Former Treasury Secretary Lawrence Summers said he was concerned the Federal Reserve is still engaging in “wishful thinking” about how much it will take to bring inflation down from four-decade highs.

“Jay Powell said things that, to be blunt, were analytically indefensible,” Summers said on Bloomberg TV. “There is no conceivable way that a 2.5% interest rate, in an economy inflating like this, is anywhere near neutral.”

Summers was referring to Fed Chair Jerome Powell’s assessment on Wednesday that, with the latest interest-rate hike, the central bank had already reached a “neutral” setting — where it’s neither stoking nor restraining consumer prices. Powell also said that the Fed “broadly feels that we need to get policy to, at least, to a moderately restrictive level,” past neutral.

The Fed’s current target rate is now 2.25% to 2.5%. Summers said a neutral setting would be higher, because it has to take account of where inflation is. Data on Friday showed the Fed’s preferred inflation gauge climbed 4.8% in the year to June, stripping out food and energy.

A former colleague of Summers’s, Jason Furman, countered that Powell’s assessment was indeed “defensible,” considering gauges of future inflation in the bond market — which are roughly in accord with “neutral,” he said.

“The terminology around neutral, I don’t see that affecting their policy. I do think it’s defensible,” Furman, who served as chair of the Council of Economic Advisers in former President Barack Obama’s White House, said on Bloomberg TV. “The important things we heard from Jay Powell were that he was focused entirely on inflation, he’s going to keep going” with rate hikes, he said.

Still, Summers isn’t alone in taking issue with Powell’s assessment.
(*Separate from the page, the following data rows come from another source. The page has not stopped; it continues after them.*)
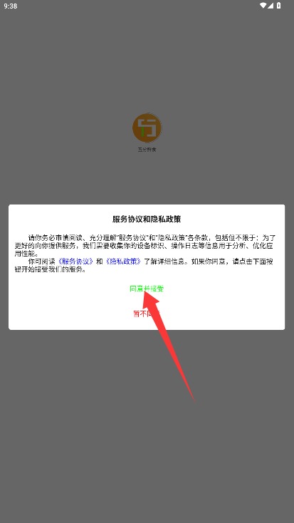 1、初次使用需阅读用户服务协议与隐私政策,确认后点击同意并接受选项进入应用。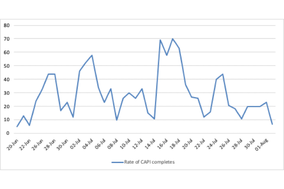 Line graph showing number of face-to-face CAPI surveys completed by date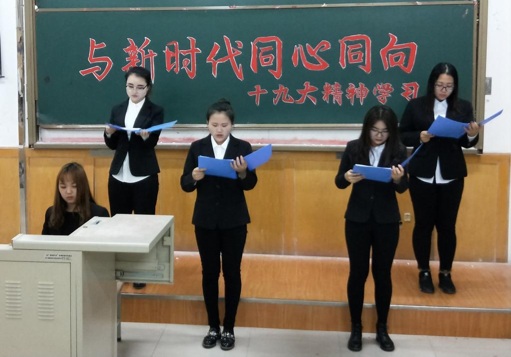 团活中,同学们一同观看了习近平总书记《不忘初心,继续前进》纪录片,对习近平新时代中国特色社会主义思想和党的十九大精神有了深刻的了解认识。谈学习感悟,汉语言一班的黄信同学以饱满的情感、铿锵有力的声音,向同学们宣读了十九大精神报告,使现场响起了热烈的掌声。围绕“与新时代同心同向”的主题,同学们通过演讲、歌曲、朗诵、小品等形式,回顾了党的光辉历程,分享了身边的励志故事,重温了那段激情燃烧、热血沸腾的岁月。一首首红色歌曲带领着同学回顾了祖国荣辱兴衰,经典旋律激励着同学们追寻历史的足迹,砥砺前行。在十九大精神知识竞答环节,同学们踊跃举手、积极参与,现场气氛十分活跃,在竞答中加深了对十九大的了解。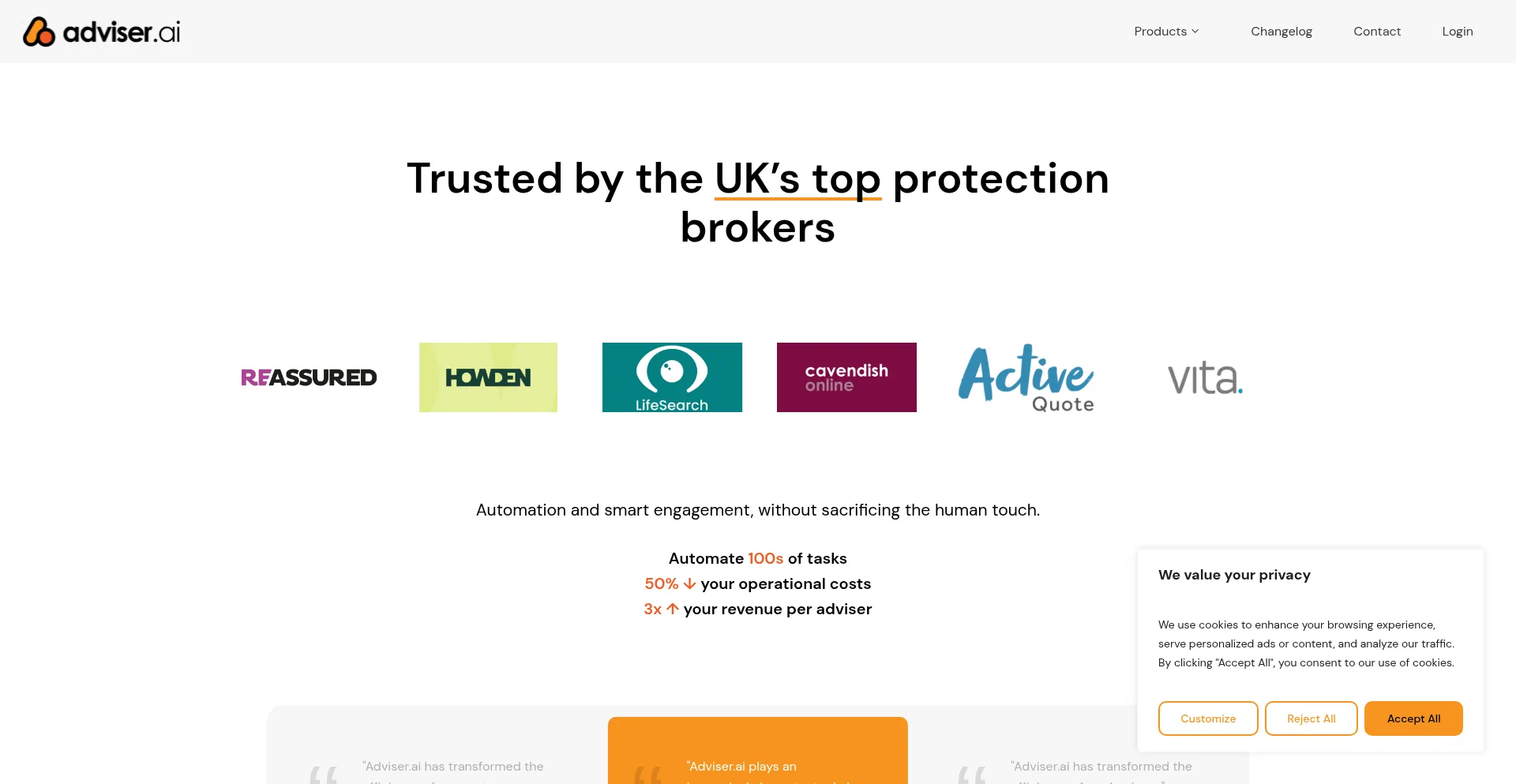 The website implements cookie consent mechanisms in compliance with privacy regulations such as GDPR or CCPA. This demonstrates that adviser.ai adheres to data protection standards and provides users with control over personal data collection practices.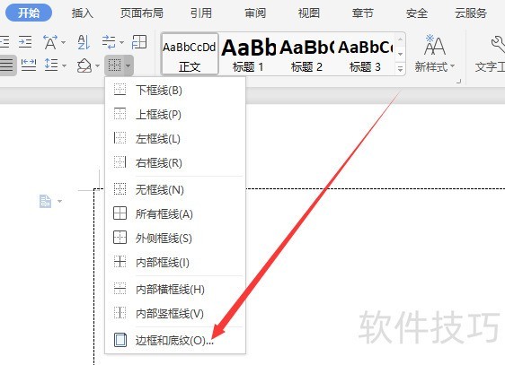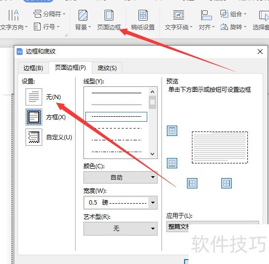 在弹出窗口中选择页面边框,设置为无边框后点击确定,即可去除Word文档中的虚线。

Former Federal Reserve Bank of New York President William Dudley said on Wednesday that, given the level of uncertainty, “I’d be a bit more skeptical” in saying policy makers had reached neutral.

Mohamed El-Erian, chief economic adviser to Allianz SE and a Bloomberg Opinion contributor, said on Bloomberg TV Friday that “the zip code for neutral is above where we are now,” and at least 50 basis points higher.
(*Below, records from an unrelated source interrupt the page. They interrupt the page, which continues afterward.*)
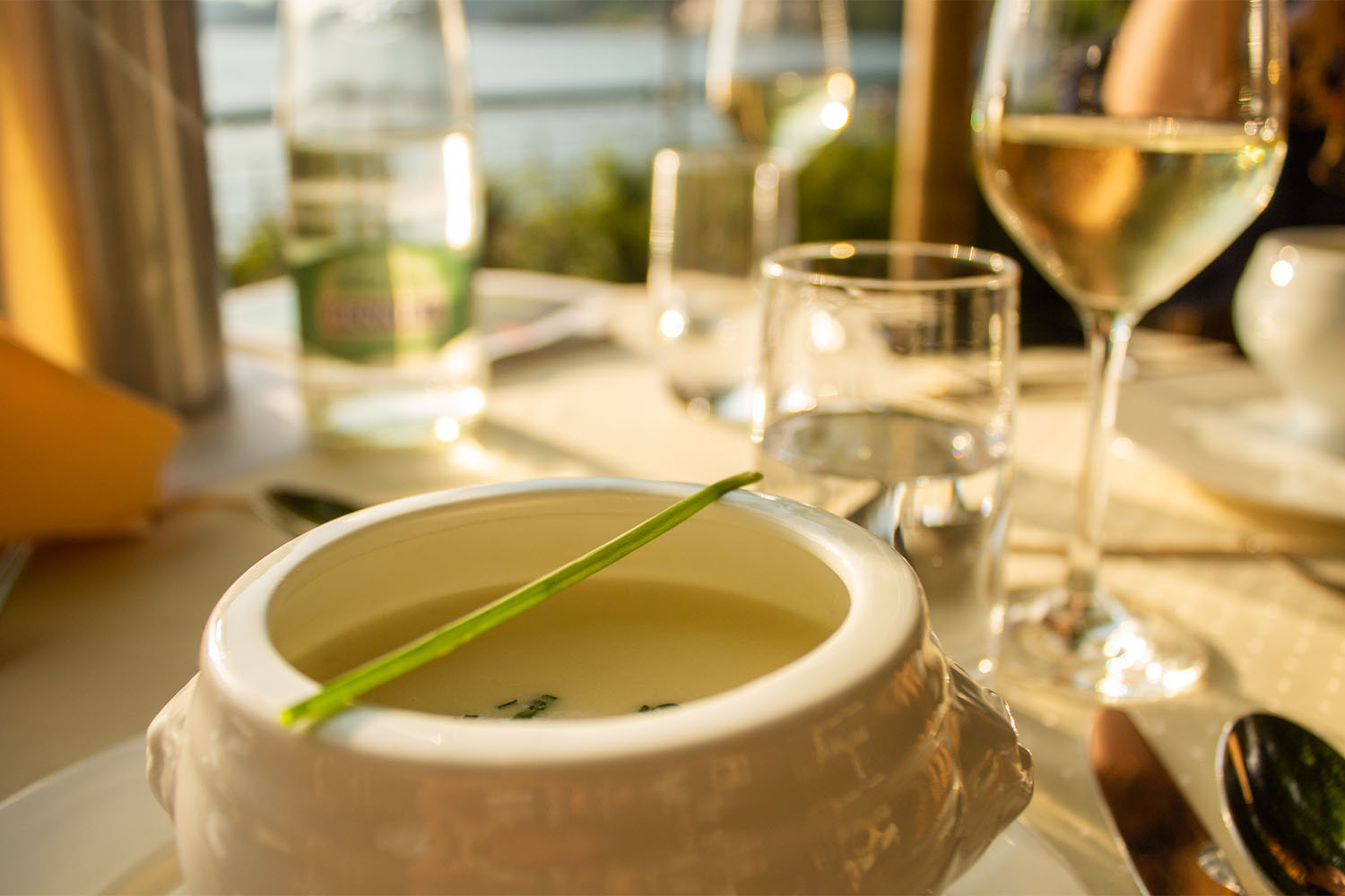 Kurz darauf kommt unsere Gastgeberin die Treppe herauf und lädt zum Mittag im Garten unter den Kastanien. Hier stärken wir uns mit Blick auf den See für einen Nachmittag auf dem Wasser. Und hier lassen wir auch am Abend diesen ersten Tag ausklingen. Die Sonne verschwindet langsam hinter dem Berg am Ende des Sees, während uns der Hausherr die Geschichte des Weines näher bringt und die Gastgeberin uns empfiehlt, auch nach dem Sonnenuntergang sitzen zu bleiben. Denn die "Blaue Stunde" sei nach einem ohnehin schon schönen, leuchtenden Sonnenuntergang die Krönung eines jeden Tages. Wir bleiben und betrachten auch das orangene Spektakel vor dem Abschied des gelben Balls am Himmel. Und wir bleiben auch für ein Gespräch mit der Gastgeberin Pia Scherrer. Dazu wärmt uns ein Kräutertee, in der gerade anbrechenden kühlen Sommernacht. Pia Scherrer berichtet von der Geschichte des Hauses. Der Speisesaal war früher das erste Dansier der Region. Die Steine vor dem Haus wurden nach dem Neubau der Strasse wieder eingesetzt, auch wenn die Bauarbeiter nicht verstanden warum. Aber die Geschichte will erhalten bleiben. Und so knackt und knarzt der Fussboden und erzählt damit auf dem Weg Richtung Balkontür und Frühstücksaal mit jedem Schritt Geschichte. Für den Garten bereiten sie gerade vor, nach und zwischen dem Feierabend in freien Minuten Stühle auf. Bis dahin sorgen die alten Stühle mit ihrem auffälligen Rot für gute Laune unter den Kastanien. Während sie erzählt schaue ich gelegentlich an ihr vorbei durch die zwei Fenster des Speisesaals auf den See und die blaue Stunde. Sie hat Recht, das klassische Orange des Sonnenuntergangs ist strahlend schön, aber die blaue Stunde hat ihren ganz eigenen Reiz.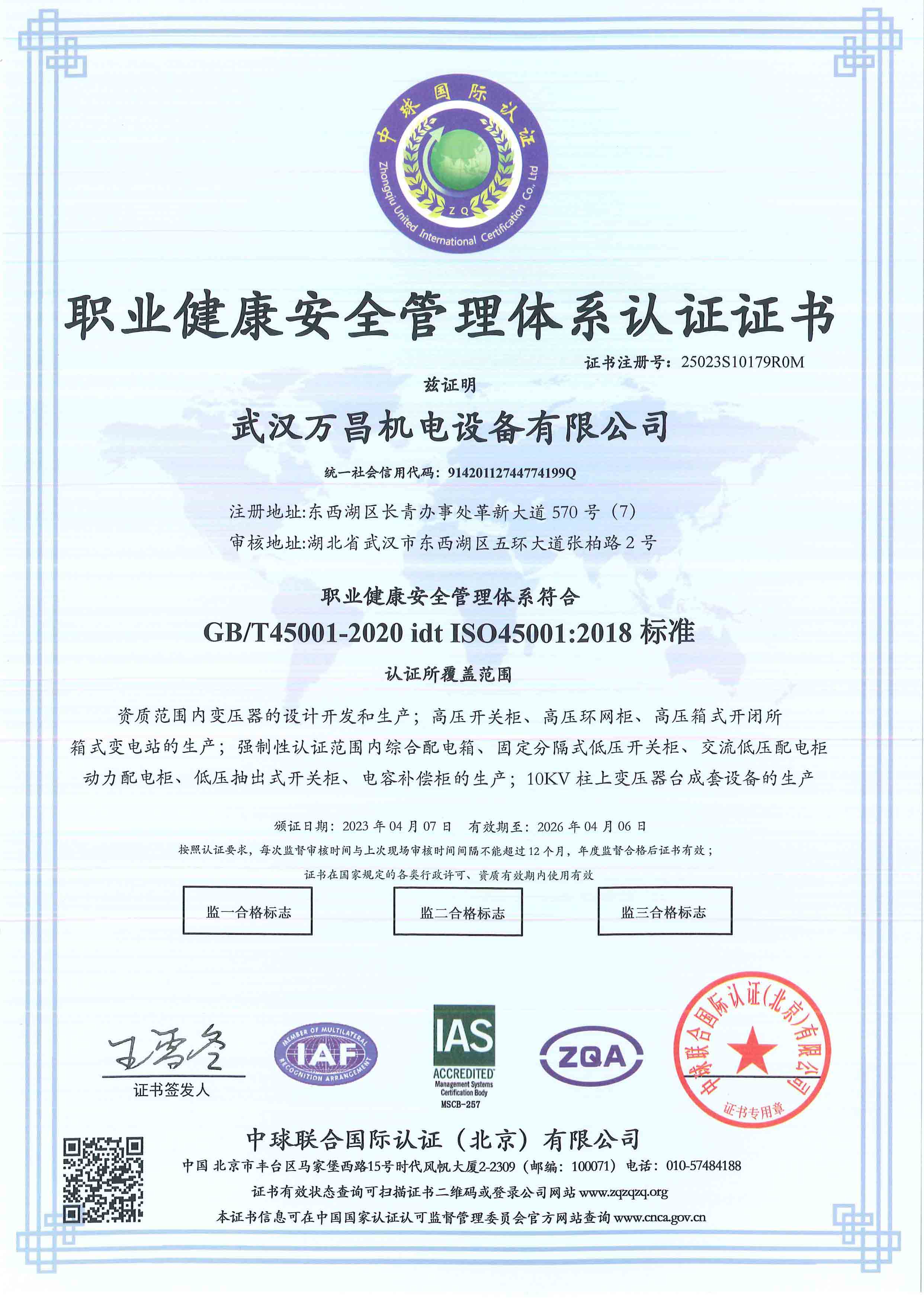環(huán)境管理體系認(rèn)證證書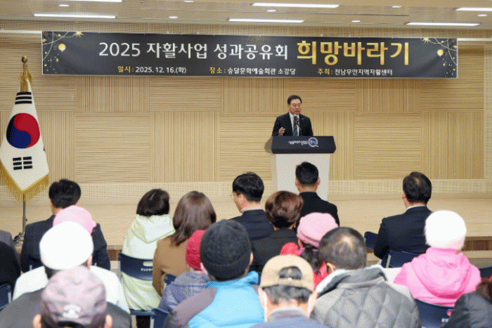 [ÅåÅå´º½º]Àü³² ¹«¾È±ºÀº ¹«¾ÈÁö¿ªÀÚȰ¼¾ÅÍ 2025³â ¼º°ú°øÀ¯È¸¸¦ Áö³ 12¿ù 16ÀÏ ½Â´Þ¹®¿¹È¸°ü ¼Ò°´ç¿¡¼ °³ÃÖÇßÀ¸¸ç, À̳¯ ¹«¾ÈÁö¿ªÀÚȰ¼¾ÅÍ Á¾»çÀÚ, ÀÚȰ±Ù·Î»ç¾÷ Âü¿©ÀÚ, Áö¿ªÁֹΠµî 100¿© ¸íÀÌ ¸ð¿© ¼ÒÅëÀÇ ÀåÀ» ¿¾ú´Ù.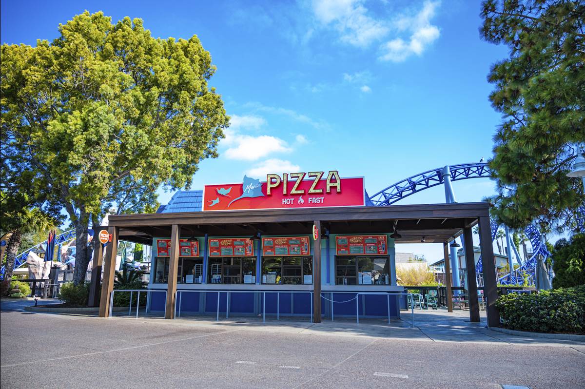 - Manta Pizza opens as a delicious destination to stop and refuel between rides and exhibits. Located at the heart of SeaWorld San Diego, the chefs at Manta Pizza craft delicious pizza pies with options such as traditional cheese, pepperoni, and vegetarian. The rich taste and fresh ingredients provide guests with the perfect pit-stop for a quick and delicious lunch break.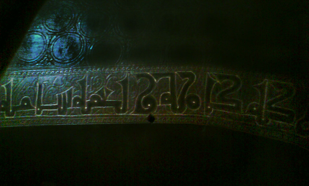 Detalle de la inscripción en cúfico sobre el pecho de la escultura que dice:

Summers, a Harvard University professor and paid contributor to Bloomberg TV, noted that Powell said in late-2018 that the Fed’s rate had reached neutral — when inflation was running just below 2%. “How he could be saying the same thing today, when the inflation rate is where it is, is inexplicable to me.”

“If you think it is neutral, you are misjudging the posture of policy in a fundamental way,” said Summers. “It’s the same kind of, to be blunt, wishful thinking that got us into the problems we have now, with the use of the term ‘transitory.’”

The former Treasury chief reiterated his view that “we’re not likely to get out of this excess inflation situation without having a recession.” Looking at the latest slew of indicators on costs and prices, he said “inflation above 4 looks to be pretty securely built in.”

Summers also took issue with optimism expressed Thursday by current Treasury Secretary Janet Yellen that the U.S. can quell inflation without a major jump in joblessness.

Yellen had reiterated her view that “there is a path to bring down inflation while maintaining a strong labor market.” She said that “most estimates of the natural rate of unemployment” — which doesn’t spur or curb inflation — “are lower than 5%.” She said it’s not a “certainty” that a strong job market could be maintained.

“I have to say that statement greatly surprised me,” Summers said while noting his respect for Yellen as an economist. 

He also repeated his disagreement with Fed policy makers’ June prediction that unemployment would only rise to 4.1% in the coming two years.

“I don’t see any basis for thinking that either of those statements is a reasonable prediction given what we know,” Summers said. He cited his own research with former IMF chief economist Olivier Blanchard, that shows “just to get to a neutral posture with respect to inflation we’re going to take unemployment up towards 5.” And to help bring down inflation, joblessness would need to climb past that level, he said.